Abe: Pressure only option for N. Korea

Prime Minister Shinzo Abe addressed the U.N. General Assembly on Wednesday, calling for strict implementation of U.N. Security Council resolutions against North Korea, which has conducted a series of nuclear tests and missile launches.

“The gravity of this threat is unprecedented,” Abe said at U.N. headquarters in New York. “It is indisputably a matter of urgency.”

The prime minister added, “What is needed ... is not dialogue, but pressure.”

Abe urged U.N. member states to ensure the “strict and full implementation” of the U.N. Security Council resolutions to impose sanctions against North Korea. “Whether or not we can put an end to the provocations by North Korea is dependent upon the solidarity of the international community,” he said.

The North Korean issue took up more than 80 percent of Abe’s 16-minute speech.

“The nonproliferation regime is about to suffer a serious blow from its most confident disrupter ever,” Abe said, criticizing North Korean leader Kim Jong Un, who is the chairman of the Workers’ Party of Korea.

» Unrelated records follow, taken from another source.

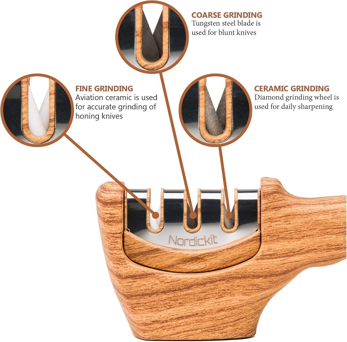 Kitchen Knife Sharpener By NordicKit - 3 Stage Diamond Manual Sharpening Tool
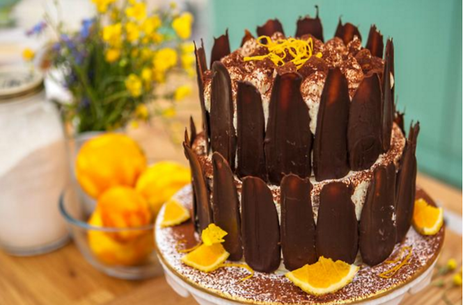 - Sätt chokladtungorna runtom tårtan (pudra med kakao precis innan servering)
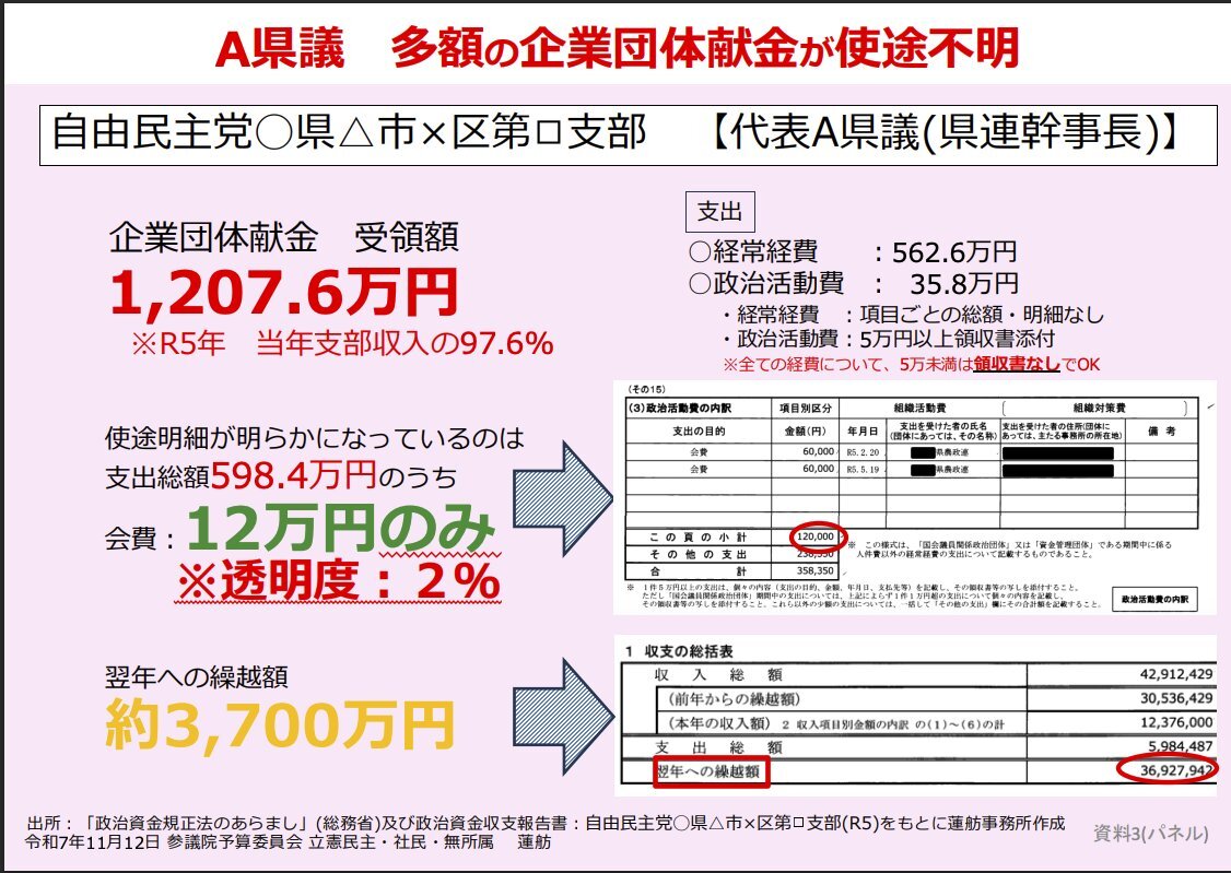 返信先:@MGRaywaCarterこれテレビたまたま見てたんですが、このパネルで説明してたんですけど 経常経費は事務所家賃とか秘書経費で、使途は明確 政治活動費の12万も明細があり、政治活動費の公表対象外って23万なんですよ つまり透明度が2%じゃなくて、98%の使途は明確だという説明を蓮舫がしてるんですよね。
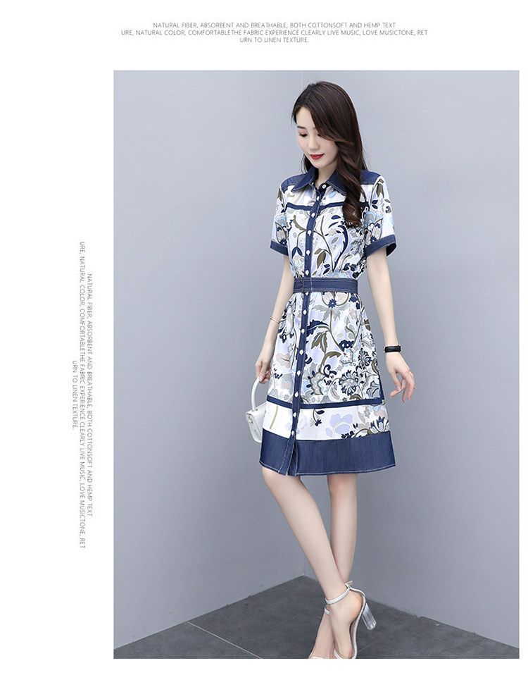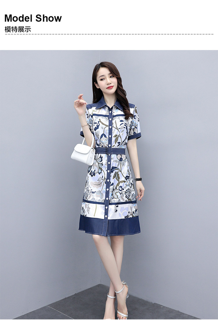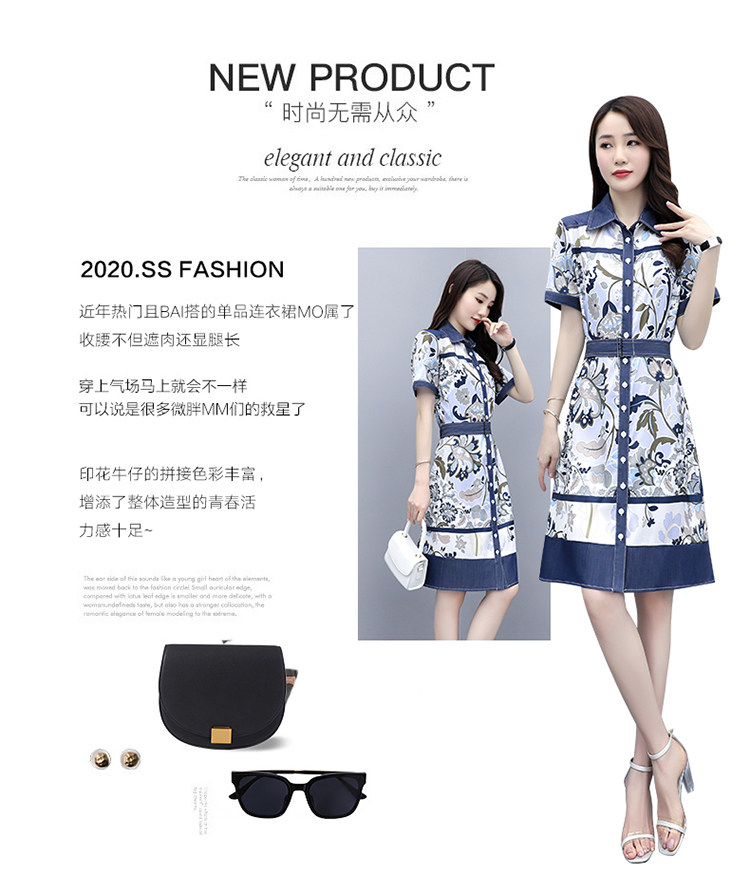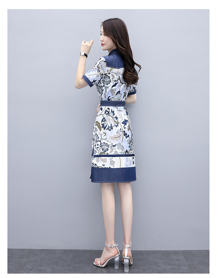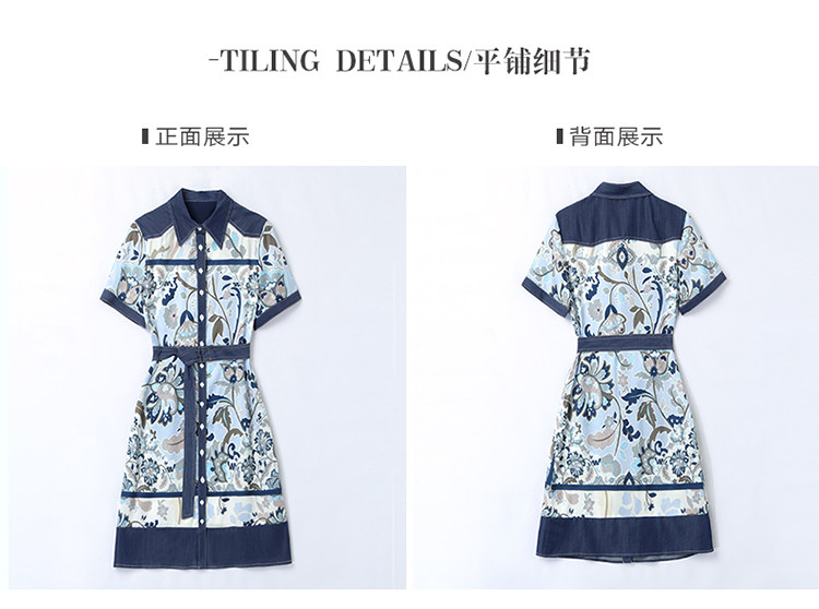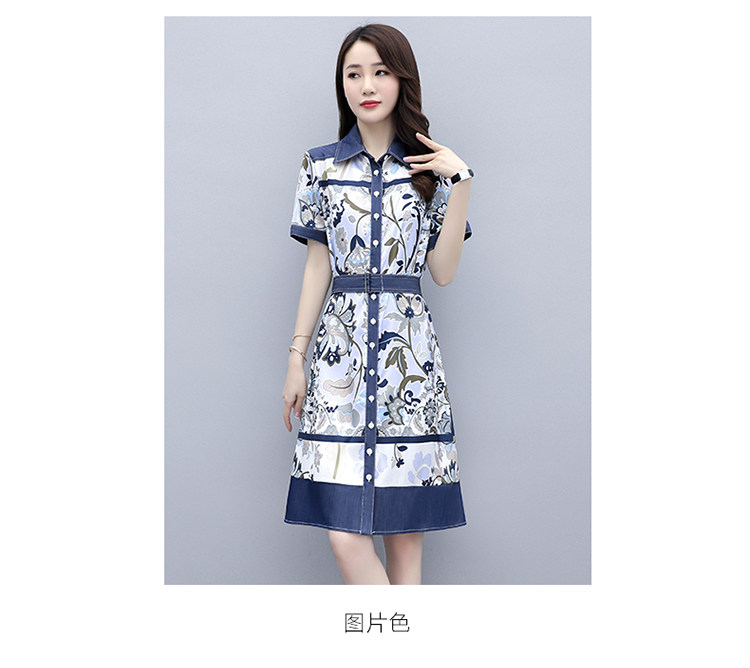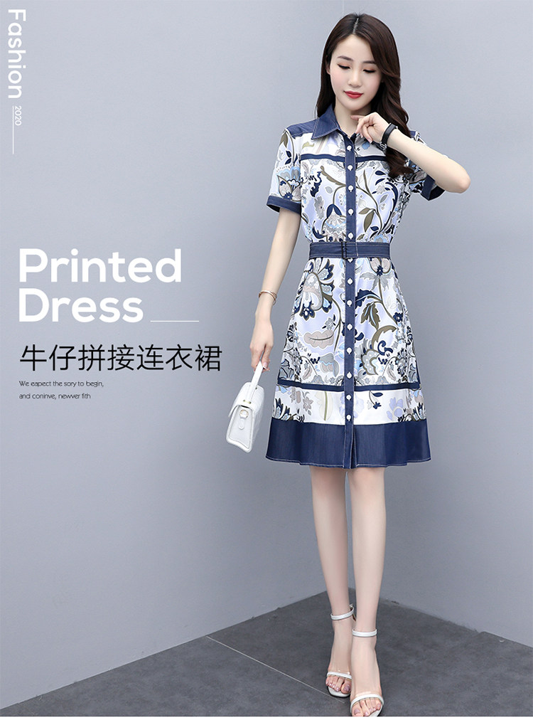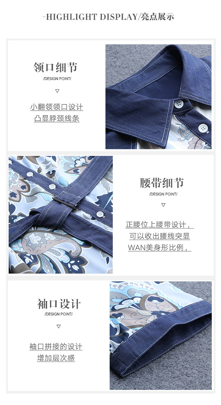 MD-CHYZX2021气质牛仔印花衬衫时尚polo领拼接国风裙子
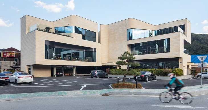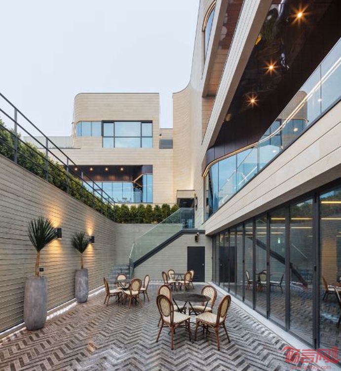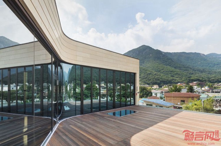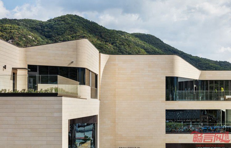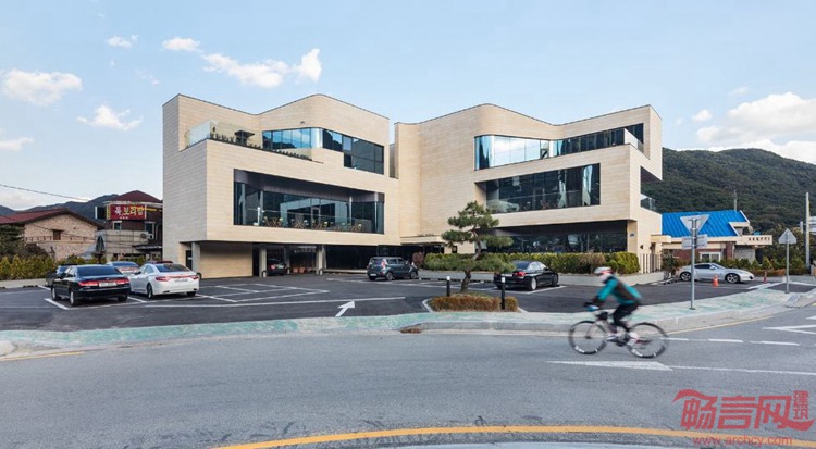 JOHO工作室设计了位于韩国忠清南道的波浪石头住宅。项目面积1068平米,于2015年完工。这座混合设施包含住宅和餐饮双重功能,坐落于韩国名山Keryong山中。四周都是山地,360度被山景围合。这一景观特点是设计灵感的主要来源,设计师希望将美丽的山景转变到商业项目中,并使项目成为国家公园的新象征。
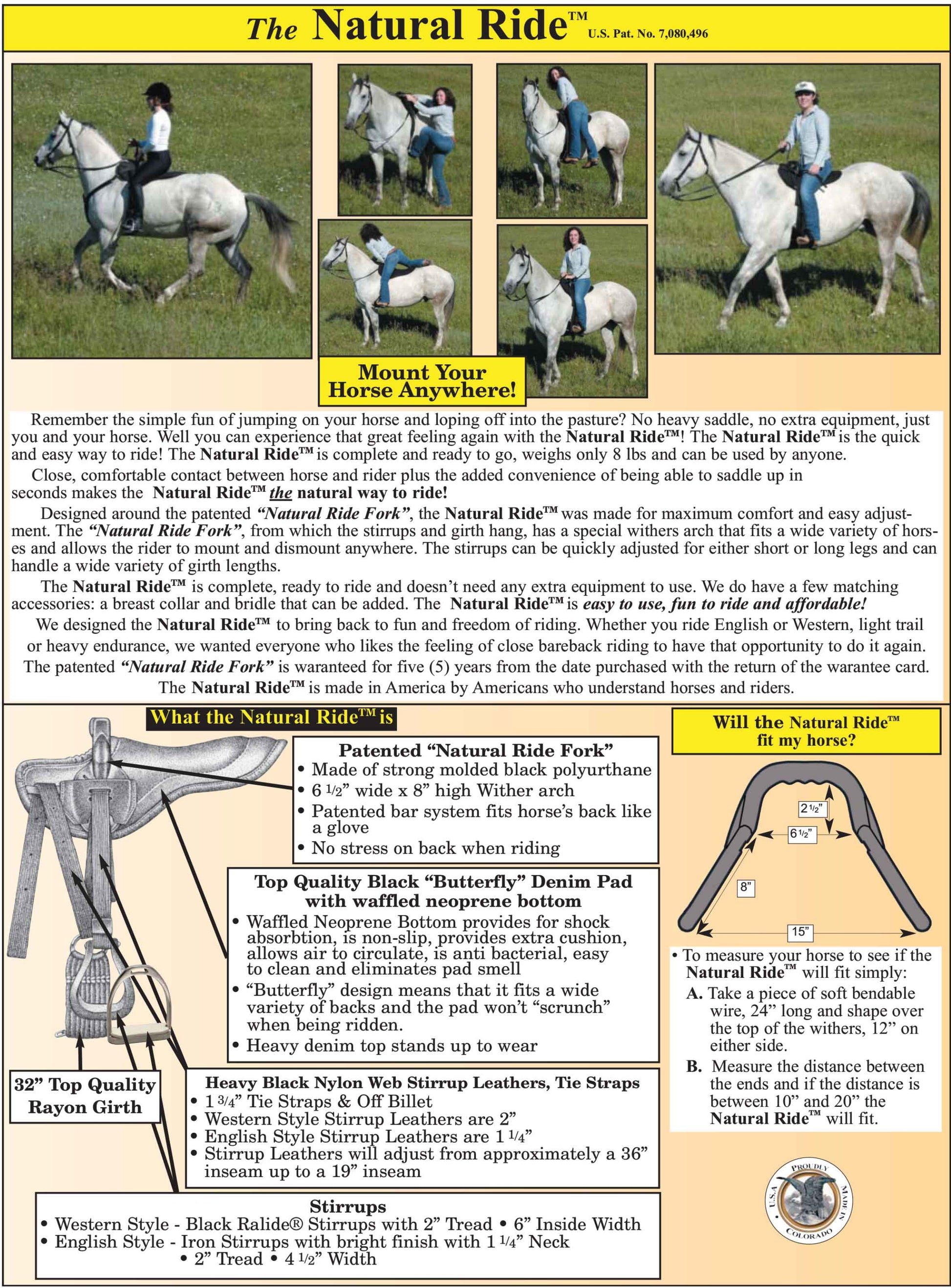 Remember the simple fun of jumping on your horse and loping off into the pasture? No heavy saddle, no extra equipment, just you and your horse. Well you can experience that great feeling again with the Natural Ride™! The Natural Ride™ is the quick and easy way to ride! The Natural Ride™ is complete and ready to go, weighs only 8 lbs and can be used by anyone. Pat. No. 7,080,496
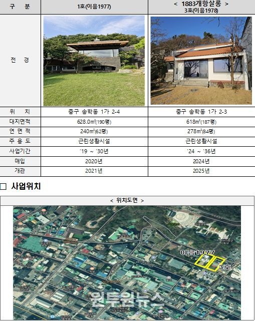 한편, ‘근대건축문화자산 재생사업’은 인천의 역사적, 건축적, 문화적 가치를 재조명하기 위해 인천도시공사가 근대건축자산을 매입 후 리모델링하여 시민에게 지역문화공간으로 제공하는 문화재생사업이다.
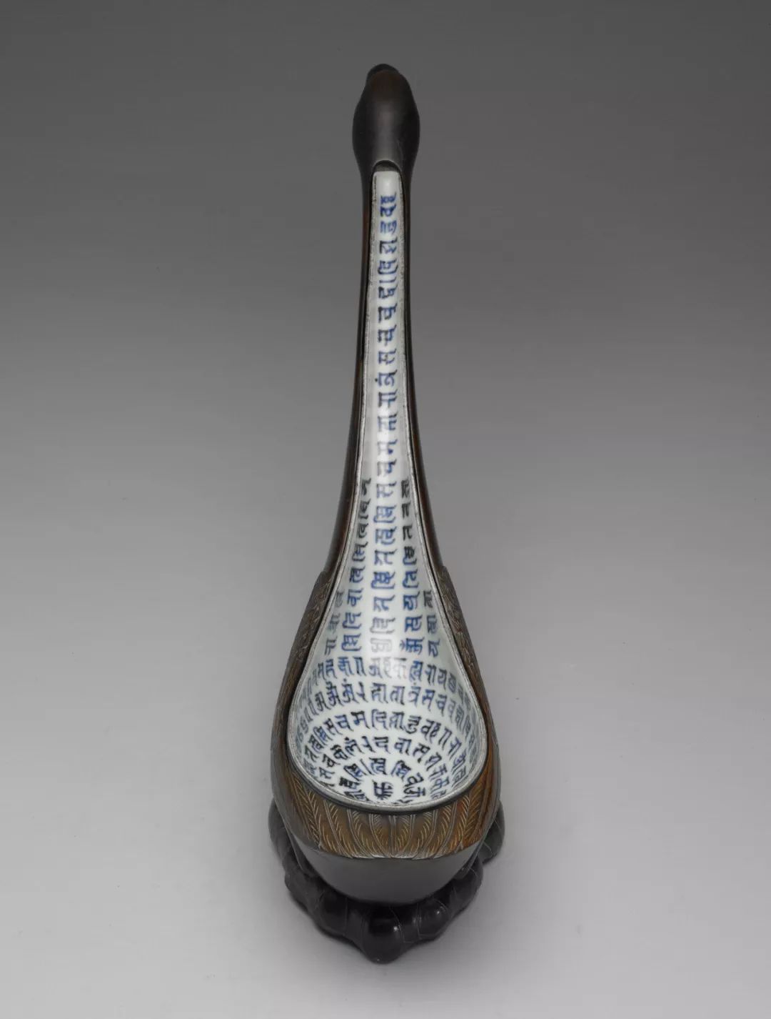 这是传世唯一一件永乐时期的瓷质大勺。这件勺子的尺寸极大,勺口宽而深,握柄细长。全器以青花为饰,器内满书青花梵文种子字,器外散点式分布二十四朵莲花。
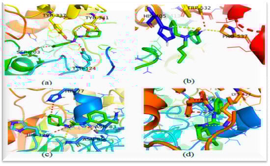 Three strains of bacteria “E. coli, S. aureus, and K. pneumoniae” were used to test each of the produced compounds, 5–15. As seen in Figure 4 [17], all compounds exhibited strong antibacterial activity when compared to the ligand. Comparable to the common antibiotic tetracycline, compounds 5 and 9 had strong efficacy against E. coli. The several binding modes with the essential amino acid residues of the bacterial tyrosinase enzyme’s active site are referred to as the antibacterial activity.
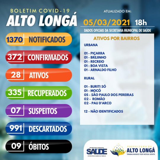 De acordo com o boletim, Alto Longá (PI), contabiliza 372 casos confirmados e 09 óbitos até o momento. Ainda segundo o boletim divulgado pelo município, há 28 ativos, 07 casos suspeitos e 1370 notificados. A Secretaria Municipal de Saúde, atualiza os dados da evolução dos casos a partir de 18 horas da tarde e reforça as medidas de prevenção como, por exemplo, o distanciamento social, o uso obrigatório e correto de máscara, a higienização das mãos com água e sabão ou álcool em gel e evitar aglomerações são hábitos essenciais que devem ser adotados contra a doença.

“North Korea’s nuclear weapons either already are, or are on the verge of becoming, hydrogen bombs,” he argued. “Their means of delivery will sooner or later be ICBMs [intercontinental ballistic missiles].”

Abe said attempts to resolve North Korean issues through dialogue “have all come to naught.” These attempts include the 1994 framework agreed on between the United States and North Korea in which light-water reactors and heavy fuel oil are provided to Pyongyang in exchange for it freezing its nuclear development, and the six-party talks in 2005 and 2007 over the North’s nuclear plans.

“For North Korea, dialogue was, instead, the best means of deceiving us and buying time,” Abe said.

The prime minister prodded countries to strictly implement the series of sanctions resolutions from the U.N. Security Council, including one adopted on Sept. 11 that restricts the export of oil to North Korea.